BEGIN STORED DATA

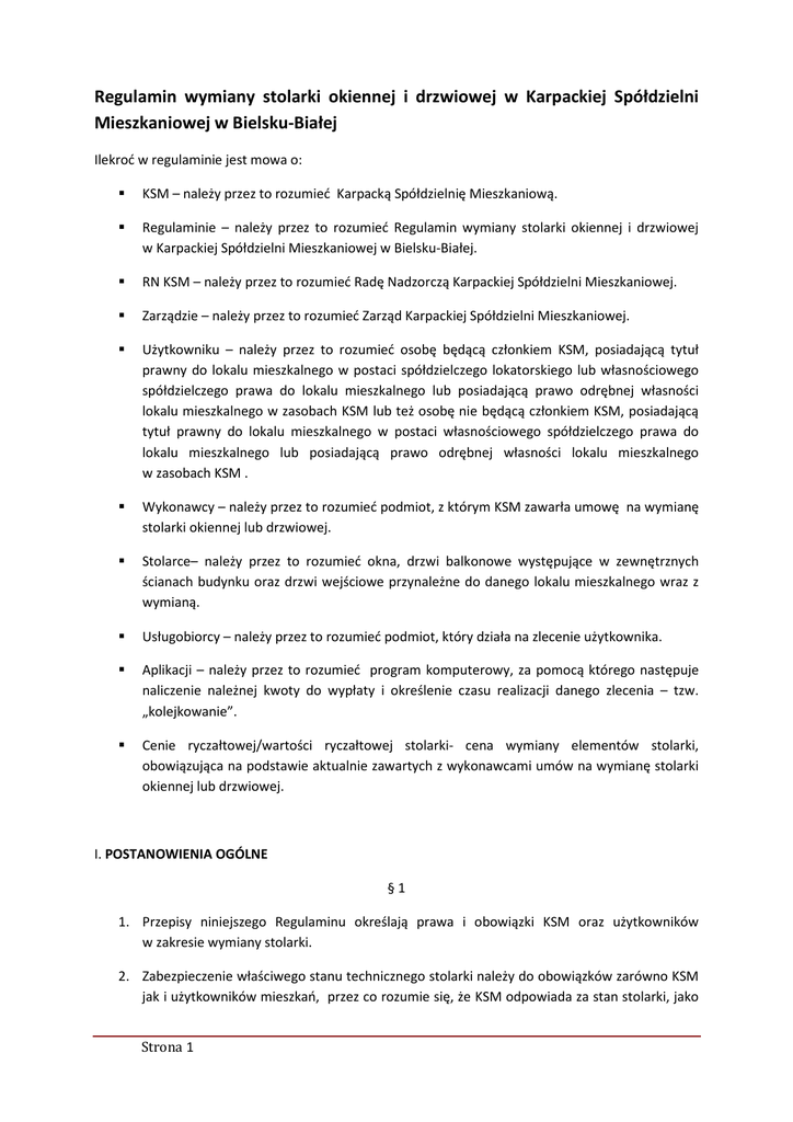 Regulamin wymiany stolarki okiennej i drzwiowej w Karpackiej Spółdzielni Mieszkaniowej w Bielsku-Białej Ilekroć w regulaminie jest mowa o: KSM – należy przez to rozumieć Karpacką Spółdzielnię Mieszkaniową. Regulaminie – należy przez to rozumieć Regulamin wymiany stolarki okiennej i drzwiowej w Karpackiej Spółdzielni Mieszkaniowej w Bielsku-Białej. RN KSM – należy przez to rozumieć Radę Nadzorczą Karpackiej Spółdzielni Mieszkaniowej. Zarządzie – należy przez to rozumieć Zarząd Karpackiej Spółdzielni Mieszkaniowej. Użytkowniku – należy przez to rozumieć osobę będącą członkiem KSM, posiadającą tytuł prawny do lokalu mieszkalnego w postaci spółdzielczego lokatorskiego lub własnościowego spółdzielczego prawa do lokalu mieszkalnego lub posiadającą prawo odrębnej własności lokalu mieszkalnego w zasobach KSM lub też osobę nie będącą członkiem KSM, posiadającą tytuł prawny do lokalu mieszkalnego w postaci własnościowego spółdzielczego prawa do lokalu mieszkalnego lub posiadającą prawo odrębnej własności lokalu mieszkalnego w zasobach KSM . Wykonawcy – należy przez to rozumieć podmiot, z którym KSM zawarła umowę na wymianę stolarki okiennej lub drzwiowej. Stolarce– należy przez to rozumieć okna, drzwi balkonowe występujące w zewnętrznych ścianach budynku oraz drzwi wejściowe przynależne do danego lokalu mieszkalnego wraz z wymianą. Usługobiorcy – należy przez to rozumieć podmiot, który działa na zlecenie użytkownika. Aplikacji – należy przez to rozumieć program komputerowy, za pomocą którego następuje naliczenie należnej kwoty do wypłaty i określenie czasu realizacji danego zlecenia – tzw. „kolejkowanie”. Cenie ryczałtowej/wartości ryczałtowej stolarki- cena wymiany elementów stolarki, obowiązująca na podstawie aktualnie zawartych z wykonawcami umów na wymianę stolarki okiennej lub drzwiowej. I. POSTANOWIENIA OGÓLNE §1 1. Przepisy niniejszego Regulaminu określają prawa i obowiązki KSM oraz użytkowników w zakresie wymiany stolarki. 2. Zabezpieczenie właściwego stanu technicznego stolarki należy do obowiązków zarówno KSM jak i użytkowników mieszkań, przez co rozumie się, że KSM odpowiada za stan stolarki, jako Strona 1 części składowej budynku, a Użytkownicy lokalu odpowiadają za prawidłową eksploatację, szczelność i estetykę stolarki. §2 1. Dofinansowanie wymiany stolarki dokonuje się w zasobach KSM w ramach wydatków finansowanych z funduszu remontowego KSM, w ramach corocznego limitu ustalanego przez RN KSM na wniosek Zarządu (wysokość limitu określona w planie gospodarczym na dany rok). 2. Wysokość limitu, określonego na podstawie ust.1, może ulec zmianie po przedstawieniu przez Zarząd i zatwierdzeniu przez RN KSM zmiany planu gospodarczego na dany rok. 3. Dofinansowaniu podlega wymiana stolarki tylko w lokalu mieszkalnym znajdującym się w zasobach KSM, należącym do Użytkownika. §3 1. Stolarka może być wymieniona zgodnie z postanowieniami niniejszego Regulaminu: 1.1 przez KSM na wniosek Użytkownika, 1.2 przez Użytkownika za zgodą KSM. 2. Wymiana stolarki, o której mowa w ust.1 możliwa jest jedynie pod warunkiem posiadania wymaganych atestów na stolarkę, i zachowania dotychczasowych gabarytów, podziałów kwater i kolorystyki oraz wyposażenia okien w nawiewniki – dobór ilości i rodzaju nawiewników należy skonsultować z działem techniczno- inwestycyjnym i uzyskać pisemną akceptację w tym zakresie. 2.1 okna, drzwi balkonowe występujące w zewnętrznych ścianach budynku – kolor biały. Wyjątkiem jest sytuacja, kiedy wcześniej wymienione okna w danym lokalu są w kolorze innym niż biały i w kosztach ich wymiany uczestniczyła już Spółdzielnia. 2.2 drzwi wejściowe do lokalu mieszkalnego – kolor biały lub brązowy. 2.3 okna muszą być wyposażone w nawiewniki, w zaakceptowanej przez Spółdzielnię ilości i rodzaju. 3. Do rozliczeń kosztów wymiany stolarki przyjmuje się jako standard : 3.1 okna, drzwi balkonowe występujące w zewnętrznych ścianach budynku – wykonanie w technologii z PCV lub drewna z funkcją rozszczelniania, 3.2 wraz z wymianą okna jest konieczna wymiana parapetu zewnętrznego, 3.3 drzwi wejściowe do lokalu mieszkalnego – wykonanie w technologii z drewna, lub metalowe z powłoką drewnopodobną (antywłamaniowe), Strona 2 3.4 wraz z wymianą okien i drzwi balkonowych, niezbędne jest uzupełnienie wyprawy tynkarskiej ościeży zewnętrznych wraz z malowaniem – dostosowanie do istniejącej kolorystyki, 3.5 wraz z wymianą drzwi wejściowych do mieszkania, niezbędne jest uzupełnienie wyprawy ościeży drzwiowych wraz z malowaniem, od strony klatki schodowej, korytarza, galerii, dostosowanie do istniejącej kolorystyki. 4. Standard stolarki określonej w ust.3 dotyczy wszystkich wniosków, związanych z dofinansowaniem, a skierowanych do KSM po wejściu w życie niniejszego Regulaminu. 5. Jakiekolwiek zmiany i odstępstwa od ustaleń z ust. 2 i 3 wymagają pisemnej zgody KSM. 6. Zarząd może odmówić dofinansowania kosztów związanych z wymianą stolarki, jeżeli nie spełnione są wymogi określone w ust.2 i 3. 7. Kolejność realizacji wymian i dofinansowania jest zależna od dat wniosków kwalifikujących, przy czym wymiany zakwalifikowane jako tryb awaryjny podlegają realizacji poza kolejnością. §4 1. Zwrot należności za stolarkę, wymienioną we własnym zakresie przez Użytkownika, przysługuje temu Użytkownikowi lub spadkobiercom Użytkownika, posiadającym tytuł prawny do lokalu mieszkalnego, stanowiącego masę spadkową w terminie zwrotu należności. 2. Zwrot należności za stolarkę przysługuje w wysokości 20% w przypadku zbycia lokalu mieszkalnego przez Użytkownika, który poniósł koszt wymiany, w szczególności poprzez darowiznę, sprzedaż lub zamianę przed terminem zwrotu należności, z zastrzeżeniem ust. 3, przy spełnieniu w
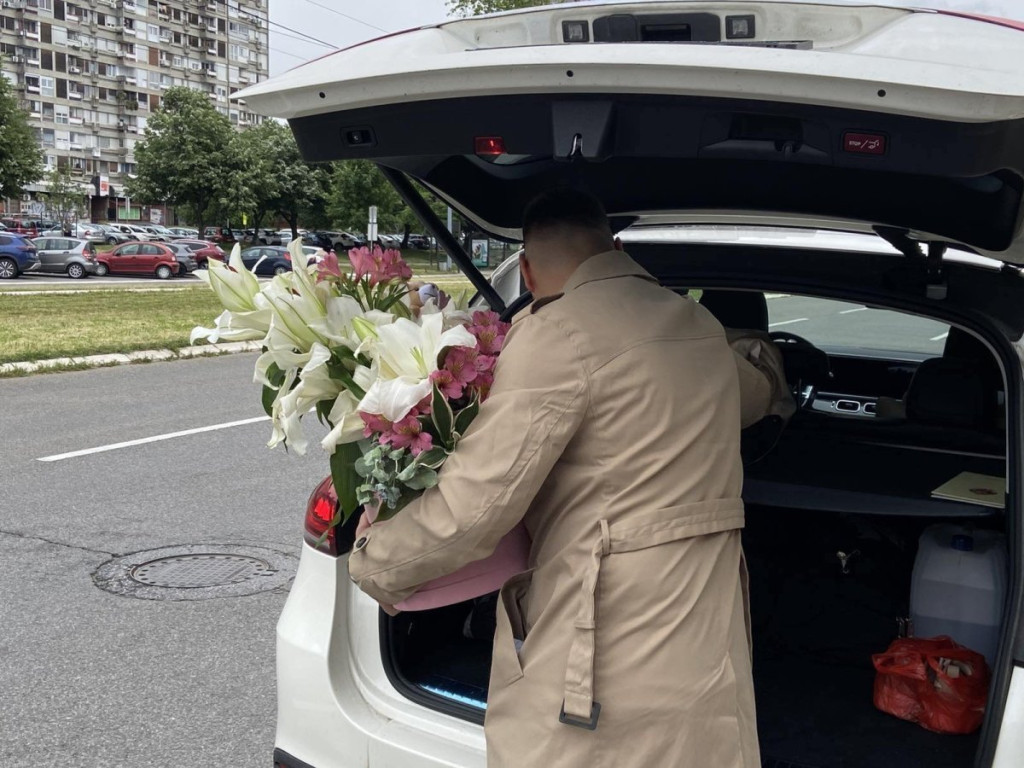 Perućica je na jednu privatnu kliniku stigao sav ozaren, držeći u rukama veliki buket cveća. Tom prilikom.
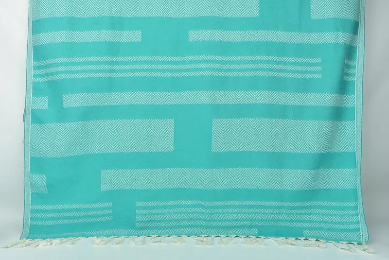 Hochwertige türkische Baumwolle sorgt für hervorragende Saugfähigkeit und schnelle Trocknungszeiten. Gekennzeichnet durch eine Breite von 38 Zoll und eine Länge von 67 Zoll, was 95 Zentimeter mal 170 Zentimeter entspricht, mit einer leichten Toleranz von ±2,5 cm. Das Strandtuch wiegt etwa 400 Gramm und wird auf traditionellen Handwebstühlen hergestellt, wodurch geringfügige Maßabweichungen möglich sind.
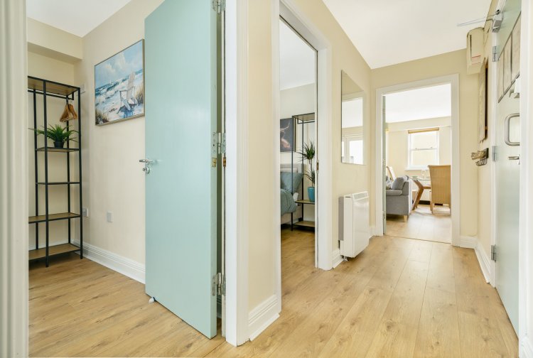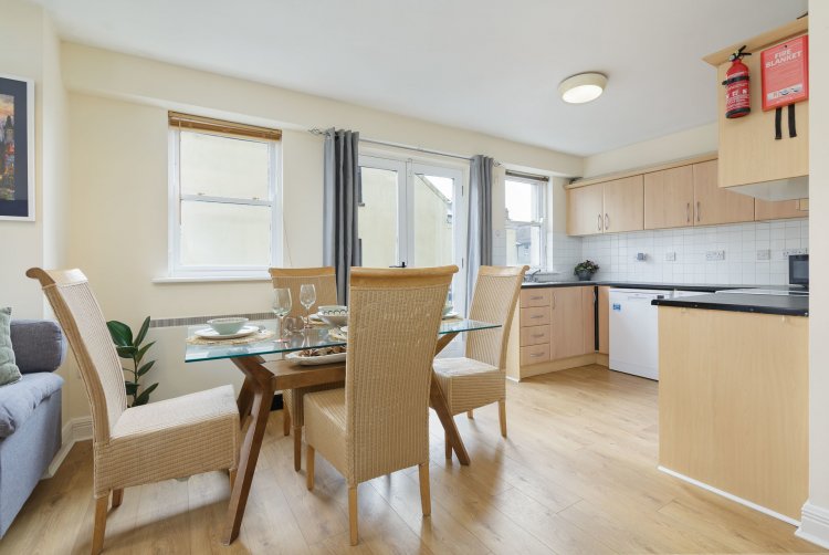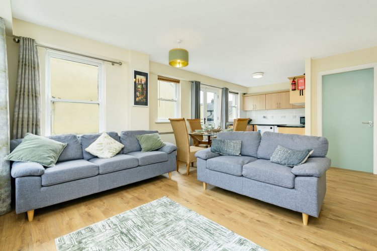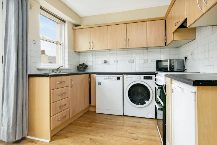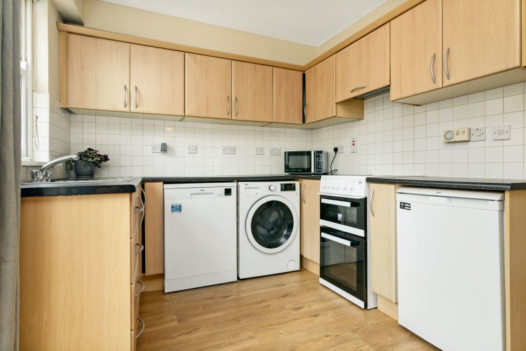 Laminate flooring. Dual aspect windows. Fully fitted kitchen. Tiled splash back. Double doors to balcony.
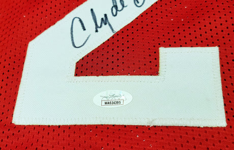 Houston Rockets Clyde Drexler Autographed Red Jersey The Glide JSA Stock #202351
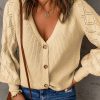 V Neck Long Sleeve Button Down Ribbed Sweatshirts Cardigan
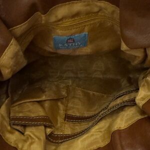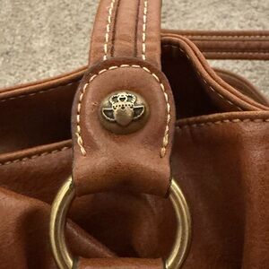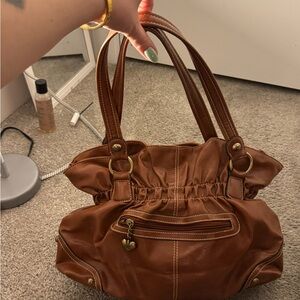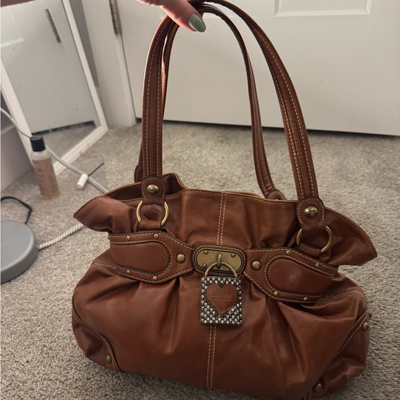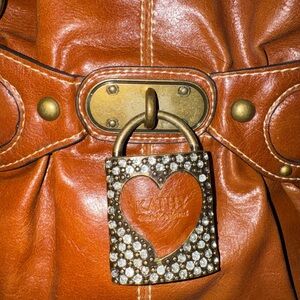 Soft cognac brown leather with gold-tone hardware. Double shoulder straps for easy carry. Decorative heart padlock charm adds feminine detail. Structured silhouette with gentle pleats. Stylish everyday accessory.
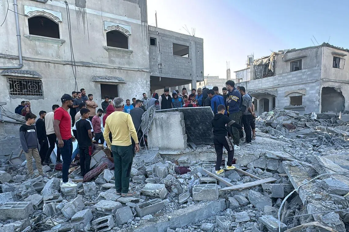 Palestinians inspecting the damage after an overnight Israeli air strike in Beit Lahia the northern Gaza Strip on Oct 27, 2024.

END STORED DATA

Print the records again exactly. Skip every picture.

 Regulamin wymiany stolarki okiennej i drzwiowej w Karpackiej Spółdzielni Mieszkaniowej w Bielsku-Białej Ilekroć w regulaminie jest mowa o: KSM – należy przez to rozumieć Karpacką Spółdzielnię Mieszkaniową. Regulaminie – należy przez to rozumieć Regulamin wymiany stolarki okiennej i drzwiowej w Karpackiej Spółdzielni Mieszkaniowej w Bielsku-Białej. RN KSM – należy przez to rozumieć Radę Nadzorczą Karpackiej Spółdzielni Mieszkaniowej. Zarządzie – należy przez to rozumieć Zarząd Karpackiej Spółdzielni Mieszkaniowej. Użytkowniku – należy przez to rozumieć osobę będącą członkiem KSM, posiadającą tytuł prawny do lokalu mieszkalnego w postaci spółdzielczego lokatorskiego lub własnościowego spółdzielczego prawa do lokalu mieszkalnego lub posiadającą prawo odrębnej własności lokalu mieszkalnego w zasobach KSM lub też osobę nie będącą członkiem KSM, posiadającą tytuł prawny do lokalu mieszkalnego w postaci własnościowego spółdzielczego prawa do lokalu mieszkalnego lub posiadającą prawo odrębnej własności lokalu mieszkalnego w zasobach KSM . Wykonawcy – należy przez to rozumieć podmiot, z którym KSM zawarła umowę na wymianę stolarki okiennej lub drzwiowej. Stolarce– należy przez to rozumieć okna, drzwi balkonowe występujące w zewnętrznych ścianach budynku oraz drzwi wejściowe przynależne do danego lokalu mieszkalnego wraz z wymianą. Usługobiorcy – należy przez to rozumieć podmiot, który działa na zlecenie użytkownika. Aplikacji – należy przez to rozumieć program komputerowy, za pomocą którego następuje naliczenie należnej kwoty do wypłaty i określenie czasu realizacji danego zlecenia – tzw. „kolejkowanie”. Cenie ryczałtowej/wartości ryczałtowej stolarki- cena wymiany elementów stolarki, obowiązująca na podstawie aktualnie zawartych z wykonawcami umów na wymianę stolarki okiennej lub drzwiowej. I. POSTANOWIENIA OGÓLNE §1 1. Przepisy niniejszego Regulaminu określają prawa i obowiązki KSM oraz użytkowników w zakresie wymiany stolarki. 2. Zabezpieczenie właściwego stanu technicznego stolarki należy do obowiązków zarówno KSM jak i użytkowników mieszkań, przez co rozumie się, że KSM odpowiada za stan stolarki, jako Strona 1 części składowej budynku, a Użytkownicy lokalu odpowiadają za prawidłową eksploatację, szczelność i estetykę stolarki. §2 1. Dofinansowanie wymiany stolarki dokonuje się w zasobach KSM w ramach wydatków finansowanych z funduszu remontowego KSM, w ramach corocznego limitu ustalanego przez RN KSM na wniosek Zarządu (wysokość limitu określona w planie gospodarczym na dany rok). 2. Wysokość limitu, określonego na podstawie ust.1, może ulec zmianie po przedstawieniu przez Zarząd i zatwierdzeniu przez RN KSM zmiany planu gospodarczego na dany rok. 3. Dofinansowaniu podlega wymiana stolarki tylko w lokalu mieszkalnym znajdującym się w zasobach KSM, należącym do Użytkownika. §3 1. Stolarka może być wymieniona zgodnie z postanowieniami niniejszego Regulaminu: 1.1 przez KSM na wniosek Użytkownika, 1.2 przez Użytkownika za zgodą KSM. 2. Wymiana stolarki, o której mowa w ust.1 możliwa jest jedynie pod warunkiem posiadania wymaganych atestów na stolarkę, i zachowania dotychczasowych gabarytów, podziałów kwater i kolorystyki oraz wyposażenia okien w nawiewniki – dobór ilości i rodzaju nawiewników należy skonsultować z działem techniczno- inwestycyjnym i uzyskać pisemną akceptację w tym zakresie. 2.1 okna, drzwi balkonowe występujące w zewnętrznych ścianach budynku – kolor biały. Wyjątkiem jest sytuacja, kiedy wcześniej wymienione okna w danym lokalu są w kolorze innym niż biały i w kosztach ich wymiany uczestniczyła już Spółdzielnia. 2.2 drzwi wejściowe do lokalu mieszkalnego – kolor biały lub brązowy. 2.3 okna muszą być wyposażone w nawiewniki, w zaakceptowanej przez Spółdzielnię ilości i rodzaju. 3. Do rozliczeń kosztów wymiany stolarki przyjmuje się jako standard : 3.1 okna, drzwi balkonowe występujące w zewnętrznych ścianach budynku – wykonanie w technologii z PCV lub drewna z funkcją rozszczelniania, 3.2 wraz z wymianą okna jest konieczna wymiana parapetu zewnętrznego, 3.3 drzwi wejściowe do lokalu mieszkalnego – wykonanie w technologii z drewna, lub metalowe z powłoką drewnopodobną (antywłamaniowe), Strona 2 3.4 wraz z wymianą okien i drzwi balkonowych, niezbędne jest uzupełnienie wyprawy tynkarskiej ościeży zewnętrznych wraz z malowaniem – dostosowanie do istniejącej kolorystyki, 3.5 wraz z wymianą drzwi wejściowych do mieszkania, niezbędne jest uzupełnienie wyprawy ościeży drzwiowych wraz z malowaniem, od strony klatki schodowej, korytarza, galerii, dostosowanie do istniejącej kolorystyki. 4. Standard stolarki określonej w ust.3 dotyczy wszystkich wniosków, związanych z dofinansowaniem, a skierowanych do KSM po wejściu w życie niniejszego Regulaminu. 5. Jakiekolwiek zmiany i odstępstwa od ustaleń z ust. 2 i 3 wymagają pisemnej zgody KSM. 6. Zarząd może odmówić dofinansowania kosztów związanych z wymianą stolarki, jeżeli nie spełnione są wymogi określone w ust.2 i 3. 7. Kolejność realizacji wymian i dofinansowania jest zależna od dat wniosków kwalifikujących, przy czym wymiany zakwalifikowane jako tryb awaryjny podlegają realizacji poza kolejnością. §4 1. Zwrot należności za stolarkę, wymienioną we własnym zakresie przez Użytkownika, przysługuje temu Użytkownikowi lub spadkobiercom Użytkownika, posiadającym tytuł prawny do lokalu mieszkalnego, stanowiącego masę spadkową w terminie zwrotu należności. 2. Zwrot należności za stolarkę przysługuje w wysokości 20% w przypadku zbycia lokalu mieszkalnego przez Użytkownika, który poniósł koszt wymiany, w szczególności poprzez darowiznę, sprzedaż lub zamianę przed terminem zwrotu należności, z zastrzeżeniem ust. 3, przy spełnieniu w
 Perućica je na jednu privatnu kliniku stigao sav ozaren, držeći u rukama veliki buket cveća. Tom prilikom.
 Hochwertige türkische Baumwolle sorgt für hervorragende Saugfähigkeit und schnelle Trocknungszeiten. Gekennzeichnet durch eine Breite von 38 Zoll und eine Länge von 67 Zoll, was 95 Zentimeter mal 170 Zentimeter entspricht, mit einer leichten Toleranz von ±2,5 cm. Das Strandtuch wiegt etwa 400 Gramm und wird auf traditionellen Handwebstühlen hergestellt, wodurch geringfügige Maßabweichungen möglich sind.
 Laminate flooring. Dual aspect windows. Fully fitted kitchen. Tiled splash back. Double doors to balcony.
 Houston Rockets Clyde Drexler Autographed Red Jersey The Glide JSA Stock #202351
 V Neck Long Sleeve Button Down Ribbed Sweatshirts Cardigan
 Soft cognac brown leather with gold-tone hardware. Double shoulder straps for easy carry. Decorative heart padlock charm adds feminine detail. Structured silhouette with gentle pleats. Stylish everyday accessory.
 Palestinians inspecting the damage after an overnight Israeli air strike in Beit Lahia the northern Gaza Strip on Oct 27, 2024.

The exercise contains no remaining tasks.